Retype only the lines from the top of the records to the line with "Suggested sizes are", including that line but none of the pictures.

================

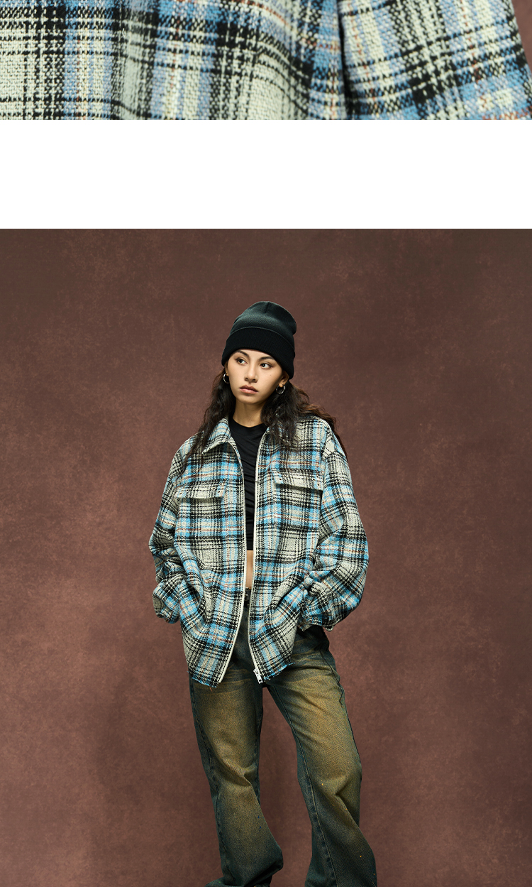 YADcrew Plaid Shirt Jacket
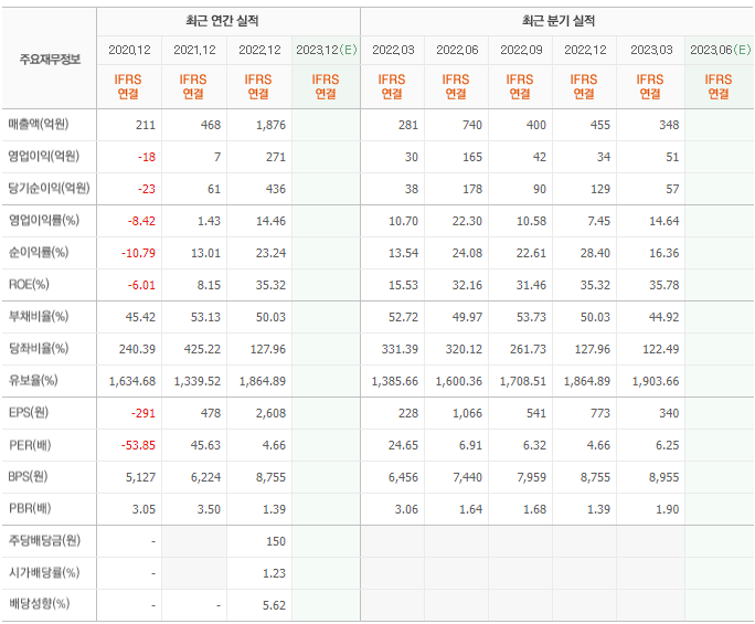 2022년 매출은 1876억, 영업이익은 271억, 당기순이익은 436억입니다. 그리고 영업이익률은 14.46%입니다.
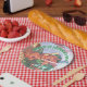 Funny party paper plate for St Patrick's Day with two Leprechauns from Brittany. It was a painting on window of a pub and we can see the Church Reflection behind the Leprechauns. Matching paper napkin, craft products, greeting card, postcard and more...
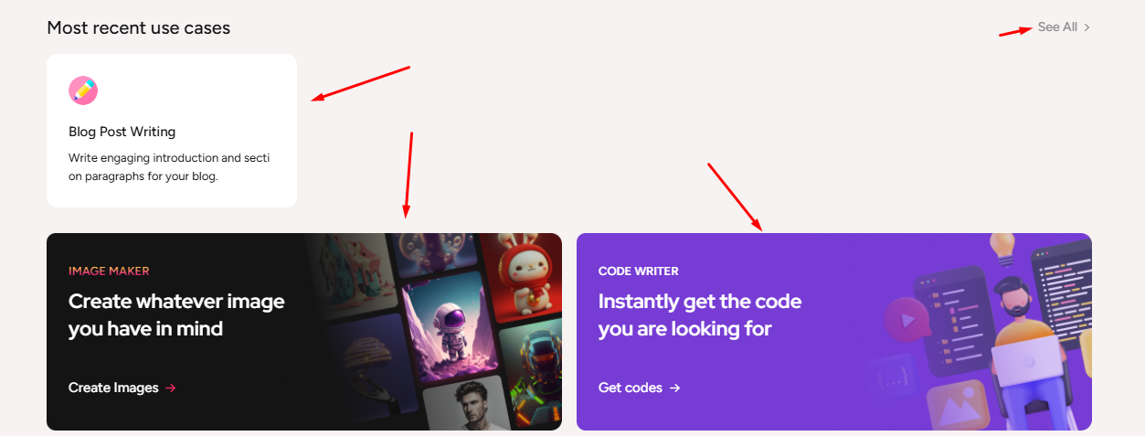 There is a section on the user dashboard from where the user can see the most recent use case template that he has used and can even click on the See More option to see all the available use-case templates of the system. Also the user can go to the code writer generation page from the dashboard and can also go to the Image Generation page even.
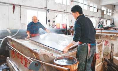 两位师傅正在生产车间纸浆池旁捞纸。一掌一抬,在配好的纸浆槽中一深二浅两次捞造后,宣纸即呈现在纸帘之上。王德强 摄
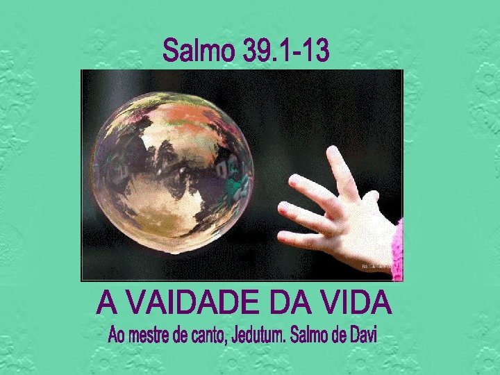 4 - Dá-me a conhecer, SENHOR, o meu fim e qual a soma dos meus dias, para que eu reconheça a minha fragilidade. 5 - Deste aos meus dias o comprimento de alguns palmos; à tua presença, o prazo da minha vida é nada. Na verdade, todo homem, por mais firme que esteja, é pura vaidade. 6 - Com efeito, passa o homem como uma sombra; em vão se inquieta; amontoa tesouros e não sabe quem os levará.
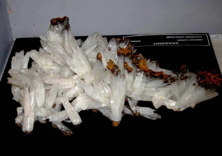 | Keywords: Aragonit 1.jpg Mineral aragonite chemical composition CaCO<sub>3</sub> from collection of National Museum Prague Czech Republic originally from Slovakia Minerál w aragonit cs ze sbírek Národního muzea v Praze původem ze Slovenska own Karelj 2008-04-20 Aragonite Geological and mineralogical Exhibition NM Prague |
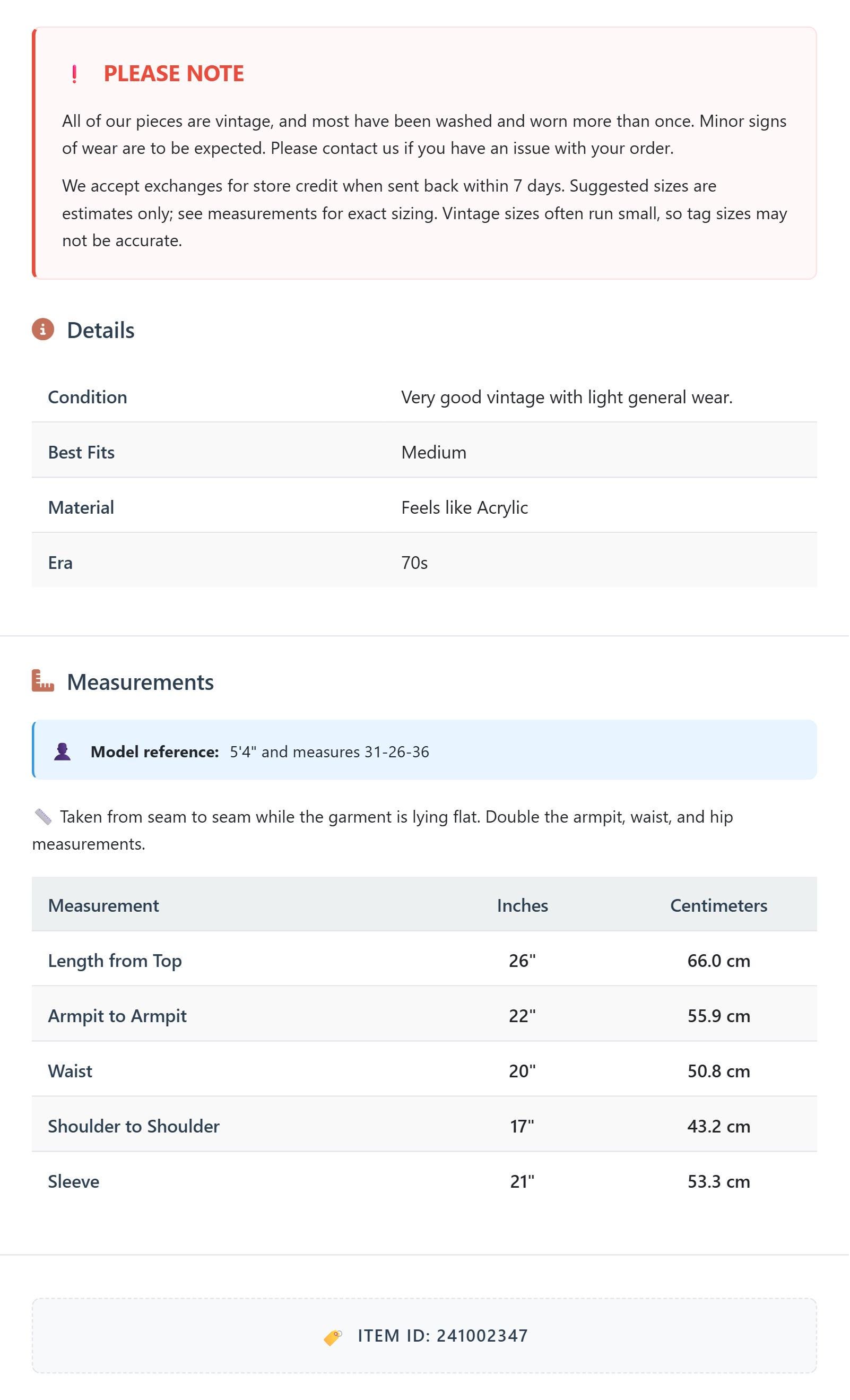 Suggested sizes are estimates only; see measurements for exact sizing. Vintage sizes often run small, so tag sizes may not be accurate.
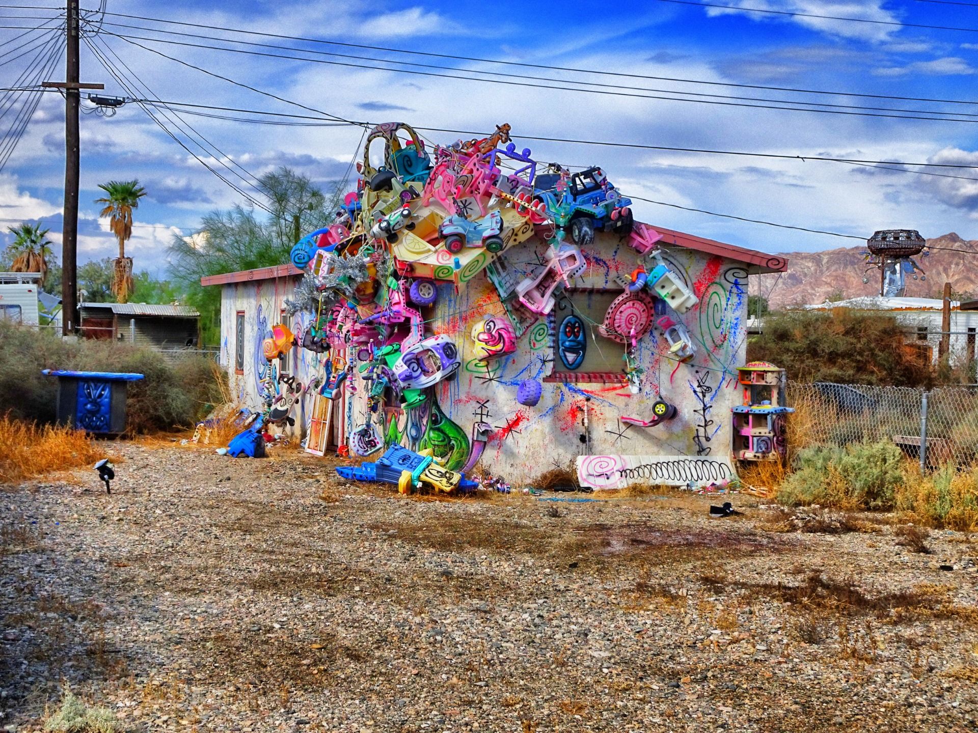 Bombay Beach once was a famous resort where kids played, sunbeds stood on beaches and cool drinks close the day for tourists. They called it the miracle in the desert as a dam broke in 1905 and the swollen Colorado River flooded the Salton Sink desert for two years. Thereby a 24 km wide (15miles) and 56 km (35miles) long new lake was created: The Salton Sea, biggest lake of California, was the reason why investors from all over the states erected hotels, yacht clubs, houses and shops near the waterline. Salton Sea was a resort area where Frank Sinatra and The Beach Boys performed in the golden 50s and 60s.
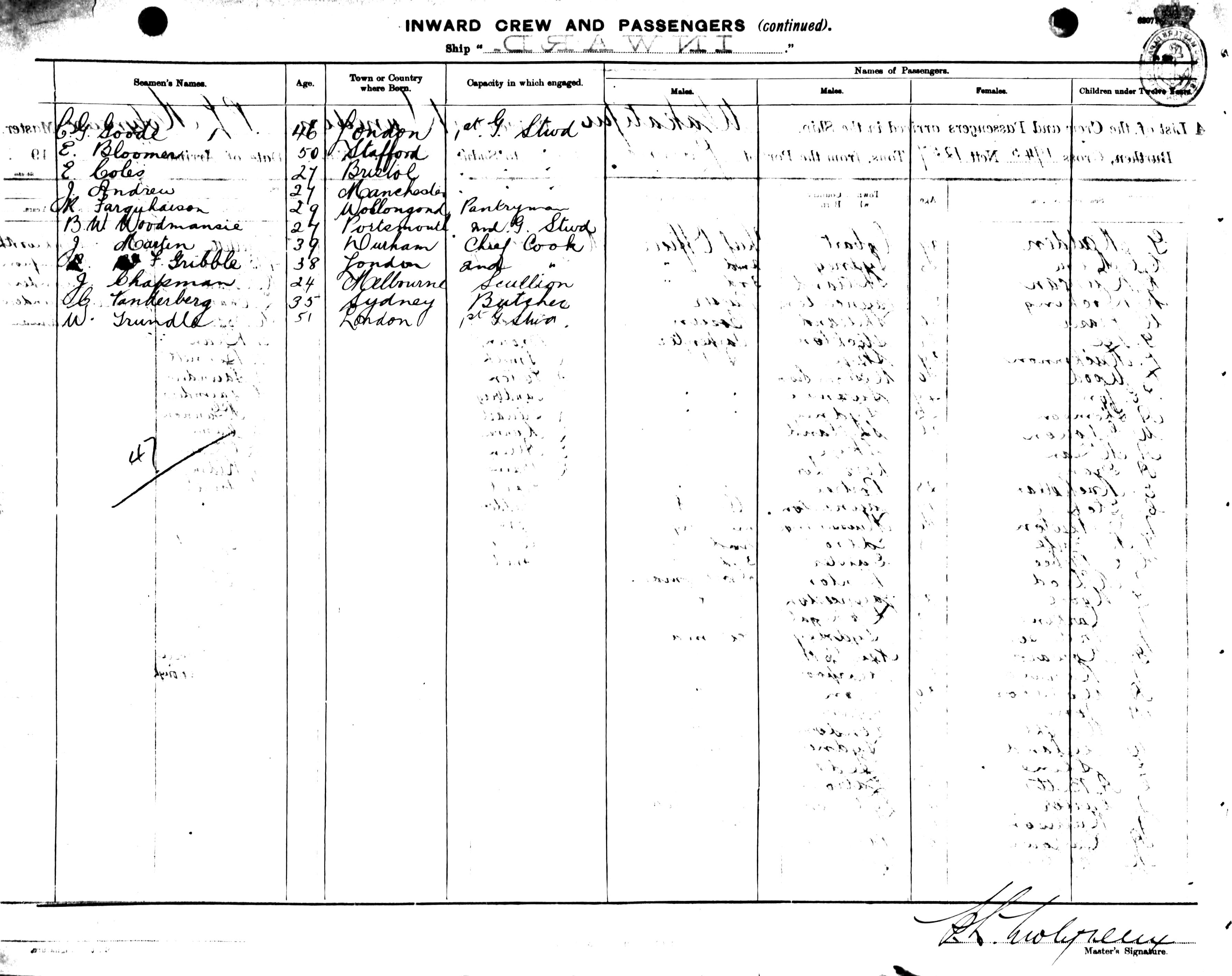 Source: State Records Authority of New South Wales: Shipping Master's Office; Passengers Arriving 1855 - 1922; NRS13278, [X444] reel 2110 & 2111. Transcribed by Nerryle Scriven. Proofread by Lyn & Maurie. You may view/print a scan of the original list - a monitor set to high resolution is recommended for clarity. Use your back button to return. |
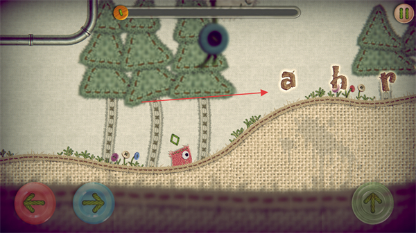 3、繼續(xù)移動(dòng)怪物,躲避障礙并收集更多字母如e,觸發(fā)場景變化。
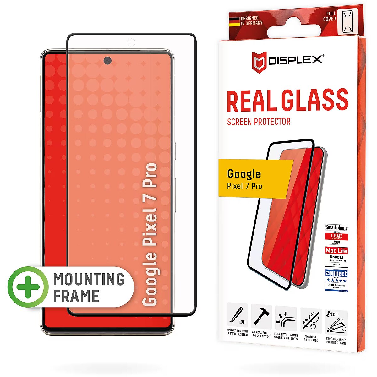 LongProductName - DISPLEX Full Cover Screen Protector (10H) for Google Pixel 7 Pro, Eco Mounting Frame, full screen coverage, Tempered Glass, scratch resistant protective film, case friendly
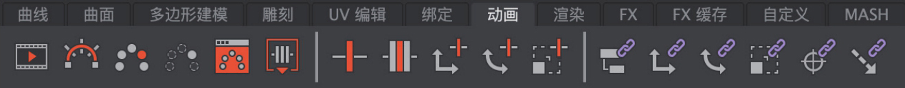 “动画”工具架主要由可以制作动画及设置约束动画的相关工具按钮组成,如图1-19所示。
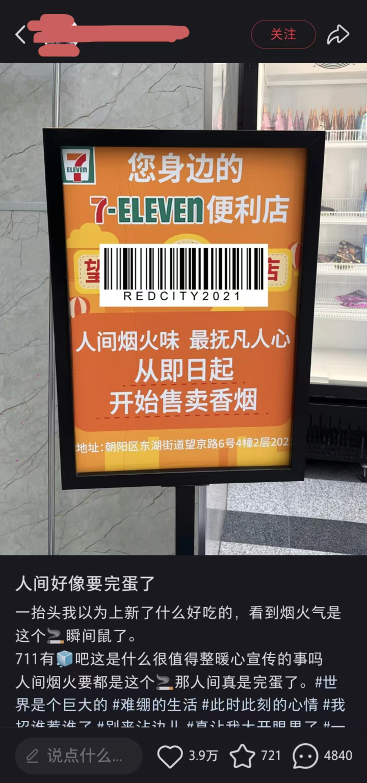 据悉,日前有网友发文称,北京市某家 7-ELEVEN 便利店,悬挂了「人间烟火味最抚凡人心」的香烟广告。
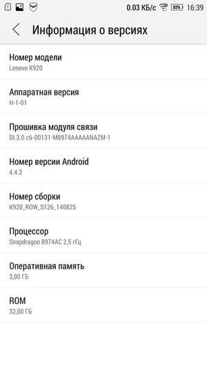 Основные характеристики Lenovo Vibe Z2 Pro (модель K920)
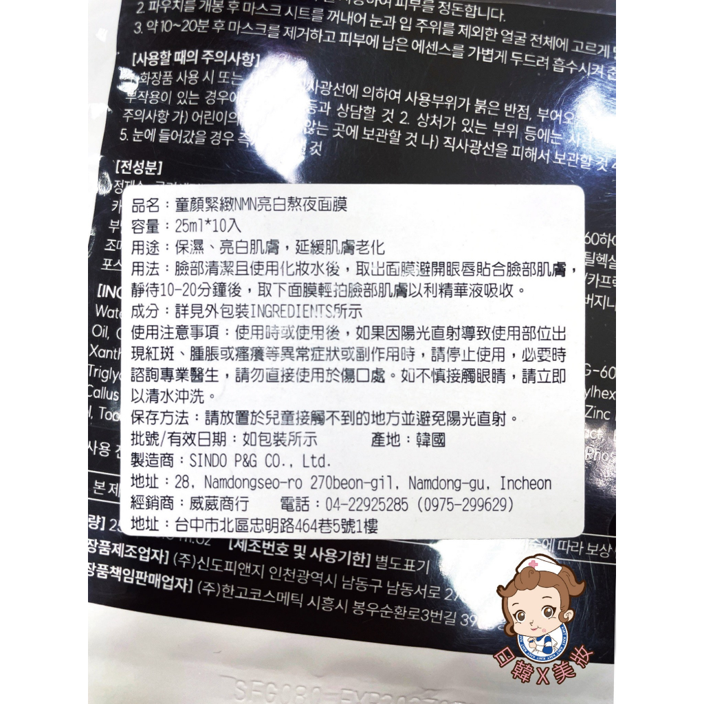 韓國醫美品牌 J-iromise NMN 亮白緊緻熬夜面膜 25ml*10入

================

** Response area **
 YADcrew Plaid Shirt Jacket
 2022년 매출은 1876억, 영업이익은 271억, 당기순이익은 436억입니다. 그리고 영업이익률은 14.46%입니다.
 Funny party paper plate for St Patrick's Day with two Leprechauns from Brittany. It was a painting on window of a pub and we can see the Church Reflection behind the Leprechauns. Matching paper napkin, craft products, greeting card, postcard and more...
 There is a section on the user dashboard from where the user can see the most recent use case template that he has used and can even click on the See More option to see all the available use-case templates of the system. Also the user can go to the code writer generation page from the dashboard and can also go to the Image Generation page even.
 两位师傅正在生产车间纸浆池旁捞纸。一掌一抬,在配好的纸浆槽中一深二浅两次捞造后,宣纸即呈现在纸帘之上。王德强 摄
 4 - Dá-me a conhecer, SENHOR, o meu fim e qual a soma dos meus dias, para que eu reconheça a minha fragilidade. 5 - Deste aos meus dias o comprimento de alguns palmos; à tua presença, o prazo da minha vida é nada. Na verdade, todo homem, por mais firme que esteja, é pura vaidade. 6 - Com efeito, passa o homem como uma sombra; em vão se inquieta; amontoa tesouros e não sabe quem os levará.
 | Keywords: Aragonit 1.jpg Mineral aragonite chemical composition CaCO<sub>3</sub> from collection of National Museum Prague Czech Republic originally from Slovakia Minerál w aragonit cs ze sbírek Národního muzea v Praze původem ze Slovenska own Karelj 2008-04-20 Aragonite Geological and mineralogical Exhibition NM Prague |
 Suggested sizes are estimates only; see measurements for exact sizing. Vintage sizes often run small, so tag sizes may not be accurate.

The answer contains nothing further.